We grow bitter that others get to take leave from ministry because of exams. Or because they’re newly married. Some quote Deuteronomy 24:5 as justification for marriage leave from ministry for a year. Then babies come along and well, a year’s break just turned into 7 years. So we struggle with weariness and resentment. We feel inadequate to serve.
That, my brother and sister, is when we need to hit the pause button.
We have simply swapped a hectic weekday for an equally hectic (or more hectic) Sunday.
But we need to rest, just as Jesus did. Jesus slipped out and prayed before starting public ministry.Luke 4:5-15
Before he made major decisions (Luke 6:12-16)
Before and after ministering to people (Mark 1:35-38, Luke 5:16, Matthew 14:22-33)
Before trying times (Matthew 26:36-46)
Although Jesus was fully God and fully man, He took time out to draw strength from His father. Jesus took time to eat with his disciples, tax collectors and sinners (Matthew 9:10). He even slept (Matthew 8:24).
We too need these times of refreshing, and prayer retreats are one way to get a concentrated dose.
Our prayer retreats may not look like Jesus’. (40 days in the wilderness is a bit much, tbh.) Mine had creature comforts like an MP3 player, a McGriddle, and shade from a pavillion in the botanic gardens.

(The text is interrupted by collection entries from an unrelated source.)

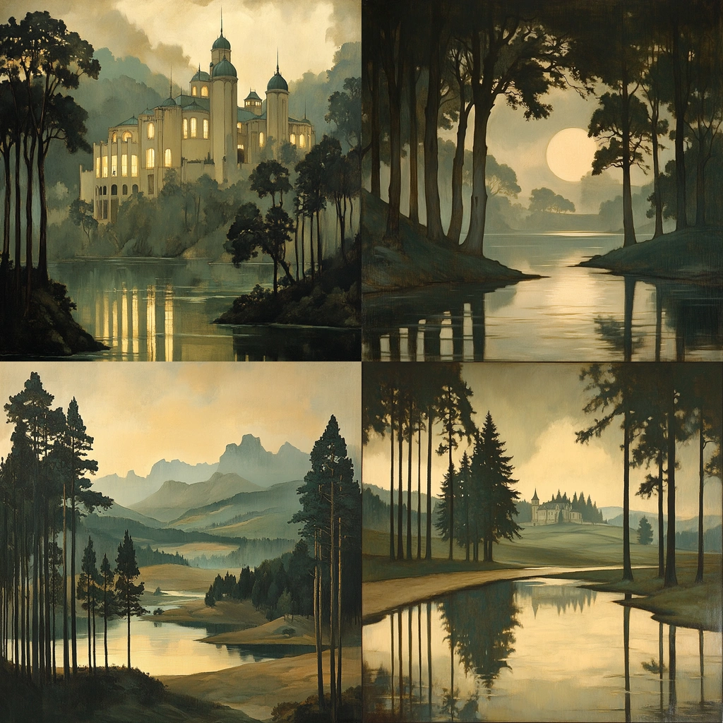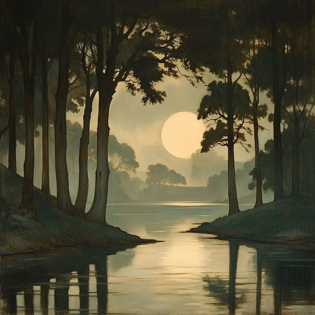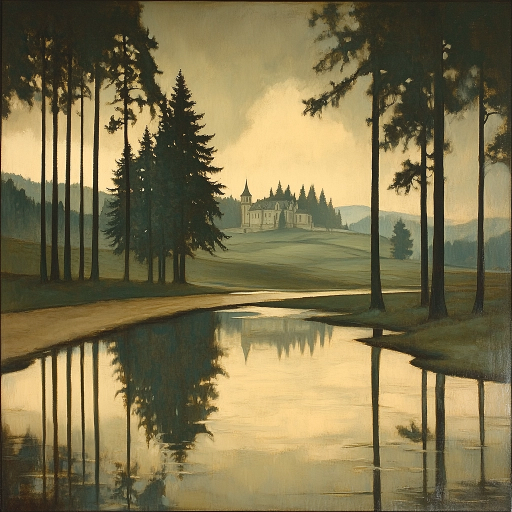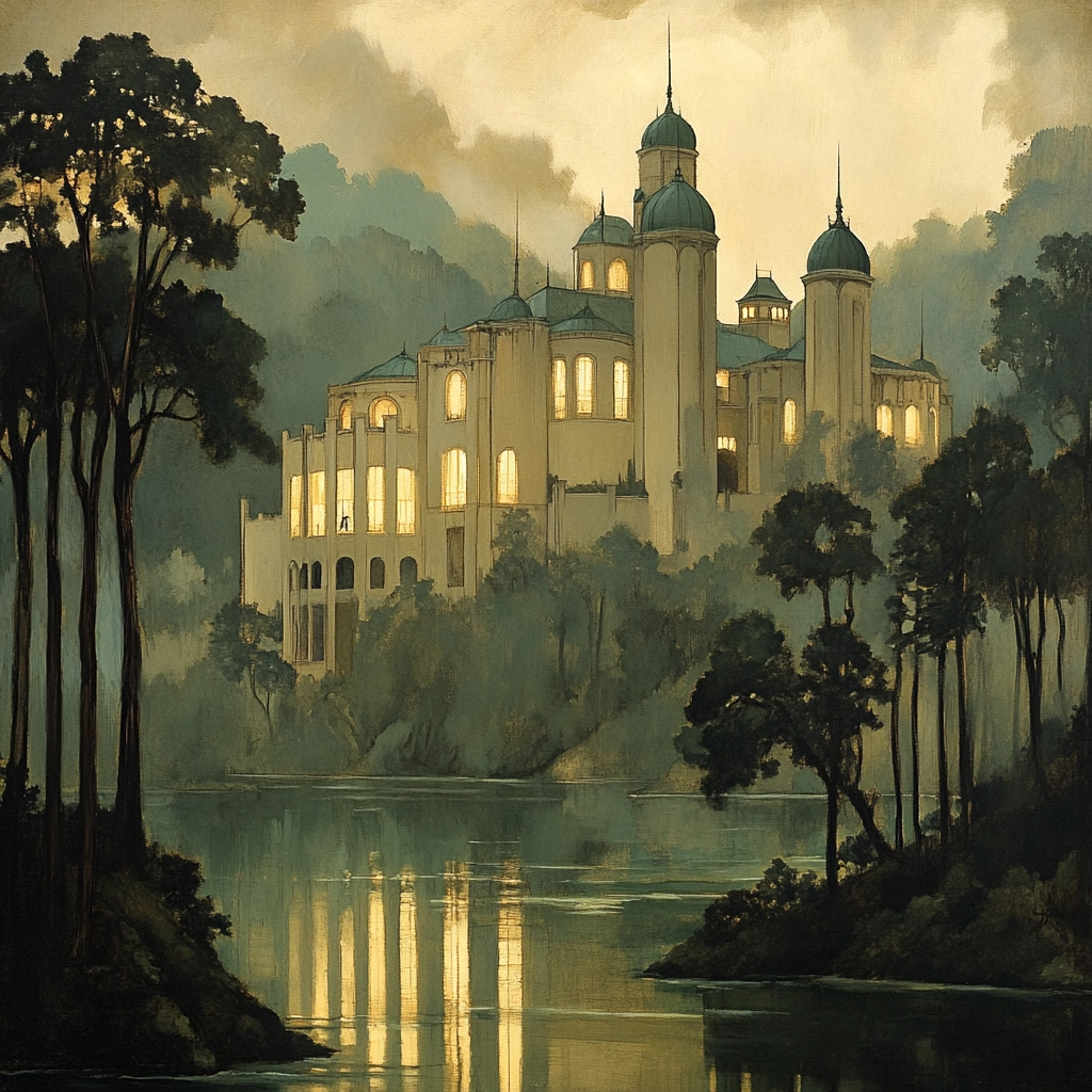 Soft lighting illuminates the scene, highlighting the reflections in the water and creating a serene atmosphere. The hues of green and dark blue define the natural terrain, while delicate brushstrokes create texture on the foliage and architecture, providing depth and dimension.
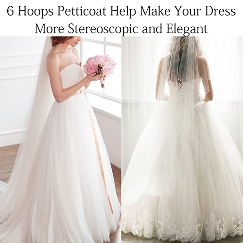 Women’s Petticoat 6 hoop Skirt Crinoline Underskirt Full Floor Length Petticoat Slips for Wedding Dress Ball Gown 6
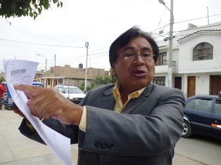Chimbotenlinea.com (Por: Cintia Cabrera).- El próximo 8 de Agosto se leerá la sentencia por el delito de Difamación en contra del ex consejero regional Ezequiel Nolasco Campos, quien desde ya advierte que dicho proceso puede estar dirigido ya que la jueza Edith Arroyo Amoroto encargada de este dictamen es prima del alcalde provincial Luis Arroyo Rojas.(Foto Cintia Cabrera)
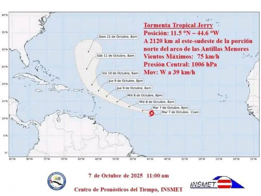 El área de bajas presiones que se encontraba en el océano Atlántico central, al este del arco de las Antillas Menores continuó ganando en organización e intensidad y a las once de la mañana de hoy se convirtió en la Tormenta Tropical Jerry. Su centro se ubicó en los 11.5 grados de latitud Norte y en los 44.6 grados de longitud Oeste. Esta posición lo sitúa a unos 2120 kilómetros al este-sudeste de la porción norte del arco de las Antillas Menores.
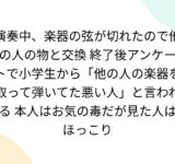 演奏中、楽器の弦が切れたので他の人の物と交換 終了後アンケートで小学生から「他の人の楽器を取って弾いてた悪い人」と言われる 本人はお気の毒だが見た人はほっこり
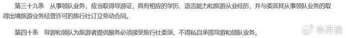 江苏省消保委平台发文称,依据《中华人民共和国旅游法》第三十九条和第四十条的规定,从事导游活动应当取得导游证,导游为旅行者提供服务必须接受旅行社委派,不得私自承揽导游业务。
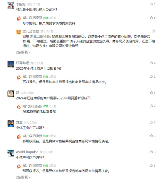 但是,值得一提的是,關(guān)于“小規(guī)模納稅公司和個體工商戶”能否能報名?“湖北以舊換新”的回復(fù)是,可以報名,但是具體審核結(jié)果視當(dāng)?shù)厣虅?wù)局審核情況決定。此外,2024年已經(jīng)參加并獲得資格的商家,2025年還需要重新報名申請。

Yours could be up in a mountain sanctuary, by the beach, or at a cafe with good coffee.
What matters more is the essence, as it’s our personal time with God. We need to unplug from the world – so no Facebook, Snapchat, Twitter, Instagram #prayerretreat, TV. No distractions.

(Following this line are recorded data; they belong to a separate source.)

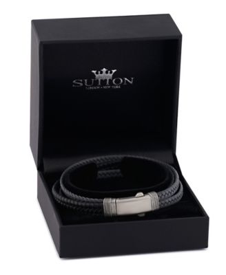 Grey Black Leather Stainless Steel Bracelet
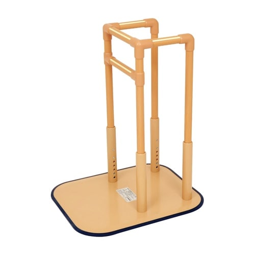歩行補助やいすやべっどからの立ち上がりを安全にサポートする手すりです。ベッドサイド、壁際などシチュエーションに合わせて、手すりの位置を変えられます。
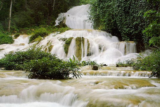 น้ำตกวังแก้ว ถือได้ว่าเป็นน้ำตกที่สวยงามแห่งหนึ่งของจังหวัดลำปาง มีชั้นน้ำตกประมาณ 102ชั้น แต่เป็นชั้นใหญ่ 9 ชั้น เมื่อขึ้นไปถึงชั้นบนสุดของน้ำตกจะพบหมู่บ้านชาวเขาเผ่าเย้าที่บ้านป่าคาหลวง และบ้านส้าน ซึ่งมีทางขึ้นค่อนข้างชัน ที่น้ำตกวังแก้วยังมี เส้นทางเดินศึกษาธรรมชาติ ระยะทางประมาณ 1.4 กิโลเมตร นักท่องเที่ยวต้องติดต่อเจ้าหน้าที่เพื่อนำทาง พื้นที่ของน้ำตกวังแก้วอยู่ในอุทยานแห่งชาติดอยหลวงซึ่งได้รับการประกาศ ให้เป็นอุทยานแห่งชาติ เมื่อวันที่ 16 เมษายน พ.ศ. 2533 ครอบคลุมพื้นที่บางส่วนของจังหวัดพะเยา เชียงรายและลำปาง รวมเนื้อที่ประมาณ 731,250 ไร่ สภาพภูมิประเทศเป็นเขาสูงทอดตัวแนวเหนือใต้ มีดอยหลวงเป็นยอดเขาที่สูงที่สุด ประกอบด้วยป่าเบญจพรรณ ป่าดิบชื้นและป่าเต็งรังปะปนกัน มีสัตว์ป่าและนกหลายชนิด ที่ทำการอุทยานฯ ตั้งอยู่ที่บริเวณน้ำตกวังแก้ว
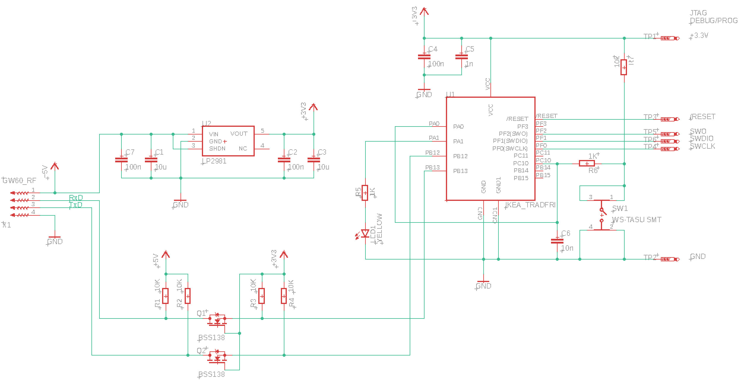 Die erste Aufgabe ist die Anbindung des TRÅDFRI Moduls an den GW60 sodass es mechanisch wie elektrisch wie der Originalempfänger ZB40 ausschaut. Das TRÅDFRI Modul arbeitet mit 3.3V während der GW60 Controller mit 5V versorgt wird. Der Schaltplan muss daher zwei Level-shifter und einen Spannungsregler enthalten. Meine Lösung sieht wie folgt aus:
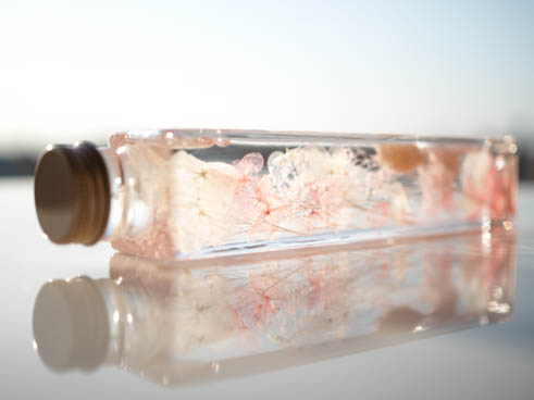 容器の中に満たされている液体は、ハーバリウム専用の特殊なオイル。この中にドライフラワーやプリザーブドフラワーを漬け込むことで、その美しい色合いを約1年ほど保つことができます◎瓶を優しく振ると、中のお花もゆらゆら…。

Those few hours will be worth it, I promise. After a prayer retreat, my friend was compelled to reach out to hurting, depressed, and anxious people. Another decided on which church to attend. And yet another found a new focus, allowing him to concentrate on a couple of ministries instead of being everywhere. I myself came away from my last one with a list of people who could help me (then an overwhelmed 24 year old), with the craziness of leading and conducting two choirs.
We may not immediately feel the same fire that we had at the start. But prayer retreats and timeouts remind us that God is gracious. They teach us to rely on God’s strength, and walk by faith. They demonstrate how our joy rests in Jesus – and cannot be taken away, even if we feel down.
That is when we understand the Sabbath, and enjoy it – and God – for what it is.